Test regular expressions with real-time match highlighting.

What Is a Regular Expression Tester?

A regex tester lets you write a regular expression pattern, apply it to sample text, and see matches highlighted in real time. This is invaluable for developing, debugging, and testing regex patterns before using them in your code. The tool shows all matches, capture groups, and match positions.

How Do I Test a Regex Pattern Online?

Enter your regular expression in the pattern field and paste your test text in the input area below. Matches are highlighted instantly as you type. Toggle flags like global (g), case-insensitive (i), and multiline (m) to modify matching behavior. The tool shows each match with its index position and captured groups.

What Are Common Regex Use Cases?

Regular expressions are used for email validation, phone number formatting, extracting data from log files, search-and-replace operations, URL parsing, input sanitization, web scraping, and data transformation. They appear in virtually every programming language and many text editors.

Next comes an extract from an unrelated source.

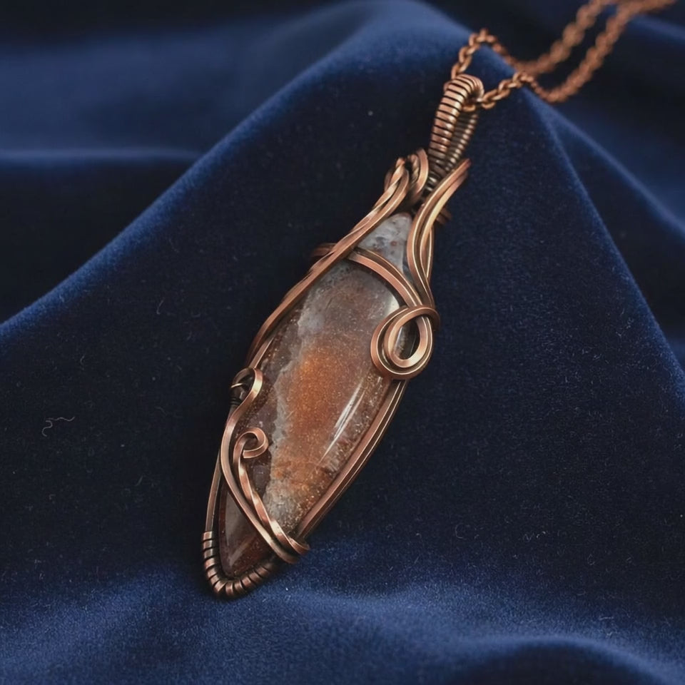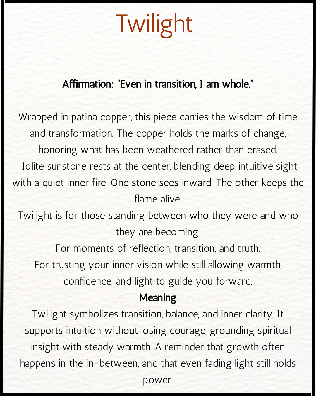 Wrapped in patina copper, this piece carries the wisdom of time and transformation. The copper holds the marks of change, honoring what has been weathered rather than erased. Iolite sunstone rests at the center, blending deep intuitive sight with a quiet inner fire. One stone sees inward. The other keeps the flame alive.

Why Use an Online Regex Tester Instead of My IDE?

Online testers provide instant visual feedback with syntax highlighting, which is faster than running code and checking console output. They are also useful for sharing patterns with teammates, testing patterns from Stack Overflow answers, and learning regex through experimentation without setting up a project.

What Are the Most Useful Regex Patterns to Know?

Essential patterns include email validation (a simplified version: [a-zA-Z0-9._%+-]+@[a-zA-Z0-9.-]+\.[a-zA-Z]{2,}), US phone numbers (\(?\d{3}\)?[-.\s]?\d{3}[-.\s]?\d{4}), URLs (https?://[\w.-]+(?:\.[\w]{2,})(?:/[\w.-]*)*), and IP addresses (\d{1,3}\.\d{1,3}\.\d{1,3}\.\d{1,3}). Test these patterns in the tool above to see them in action.

What Do Regex Flags Like g, i, and m Mean?

The global flag (g) finds all matches instead of stopping at the first. Case-insensitive (i) matches regardless of letter case. Multiline (m) makes ^ and $ match the start and end of each line rather than the entire string. Dotall (s) makes the dot character match newlines. Combine flags as needed — gi is the most common combination for search-and-replace operations.